Он прижимает меня к себе, и тревога уступает место наслаждению. Под его нежными руками я начинаю плавиться и растворяться в нем. Мне на мгновение приходит в голову, что Наоми, наверное, испытывала что-то подобное. Пока все было хорошо. Наконец его губы сливаются с моими, и мы начинаем двигаться со страстью, будто ждали этого целую вечность.
Бристоль, 2009
Пять дней спустя
– Извините, – произнес Майкл, ошеломленно глядя на меня.
– Все в порядке, – растерянно отозвалась я. – Вы ни в чем не виноваты. Я тоже. Давайте забудем. Это не должно повлиять на наши отношения.
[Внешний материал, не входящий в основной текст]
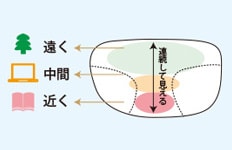 特性:中近両用レンズよりも更に手元の視野が広く、手元専用レンズよりも奥の方まで見えます。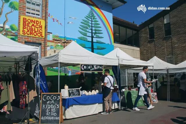 目前的Bondi海滩公共小学校园内,每逢周六举行农夫市场(Bondi Farmers Market),逢周日举行精品集市(Bondi Market)。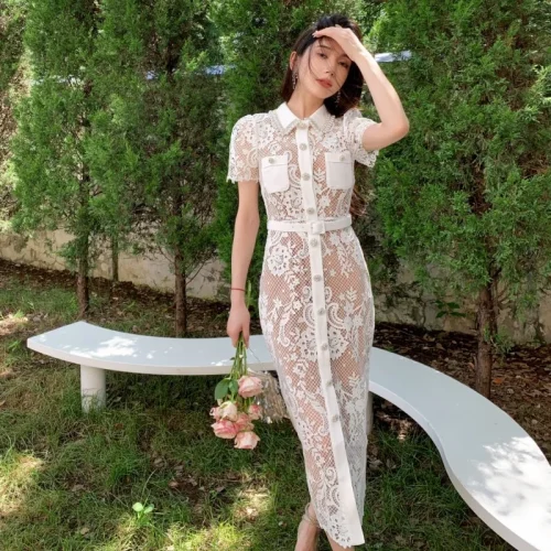 Elegant Casual Dresses for Women Breathable Fashion Styles With Sleeves for Autumn Spring Seasons With Mesh Fabric and Beaded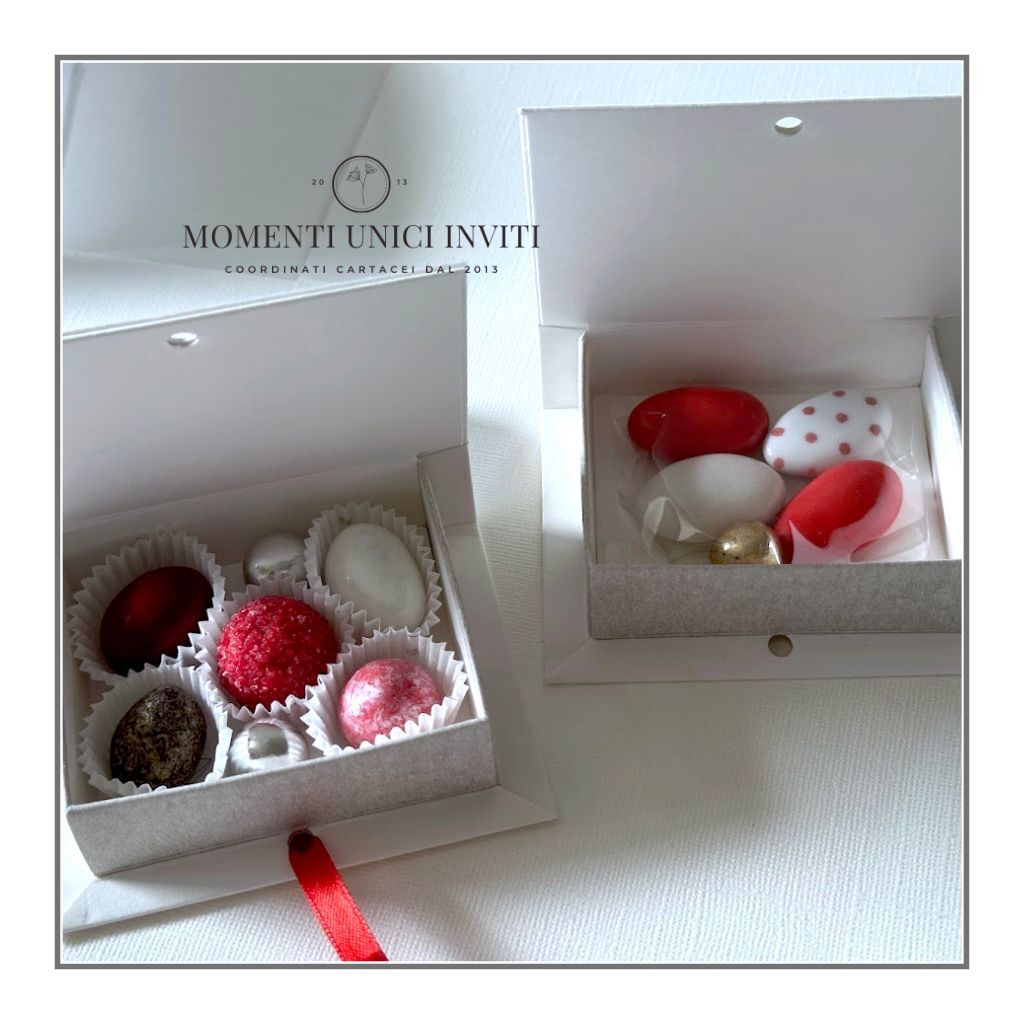 Potrete scegliere di acquistare la scatolina con 5 confetti (vari gusti e colori nei toni del rosso che saranno confezionati all’interno di una bustina in cellophane alimentare) o la scatolina con 7 confetti su pirottino (vari gusti e colori nei toni del rosso). In fase di acquisto, selezionate semplicemente la quantità di confetti che desiderate: la grafica ce la comunicherete quando avrete effettuato l’ordine e verrete contatti per definire i dettagli dell’ordine.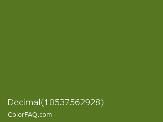 Decimal 10537562928 Color is a dark green color and the nearest color is Sap Green #507d2a. Hex code #577622 and RGB value is rgb(87,118,34). In RGB color space, this color is composed of 34% red, 46% green, 13% blue, In CMYK color space, this color is composed of 26% cyan, 0% magenta, 71% yellow , 54% black , In HSL color space, this color has a hue angle of 82° , 55% saturation and 30% lightness.

Мы были на кухне, Тэд спал наверху.
После утреннего выступления по телевизору он сразу поехал на работу. Больница теперь значила для него намного больше, чем прежде. Это для меня внешний мир перестал существовать, но не для него. Мне непонятно было, как он может каждый день ездить туда, здороваться с коллегами, осматривать пациентов. Но так было. А возвратившись поздно вечером домой, он быстро ел и шел спать, с лицом, серым от усталости.
Майкл приехал поздно, когда мальчики уже спали. Я начала ему что-то рассказывать и расплакалась. А он обнял меня, и на секунду наши губы соединились. Так нельзя, это неправильно, подумала я, но переживать из-за этого сил не было. Да и он тоже измотался.
– Вот, сегодня была у Джейд, – быстро проговорила я, чтобы замять неловкость. – Пришла, как обещала. Думала, люди будут глазеть, ведь у меня такой вид, но никто не обратил внимания.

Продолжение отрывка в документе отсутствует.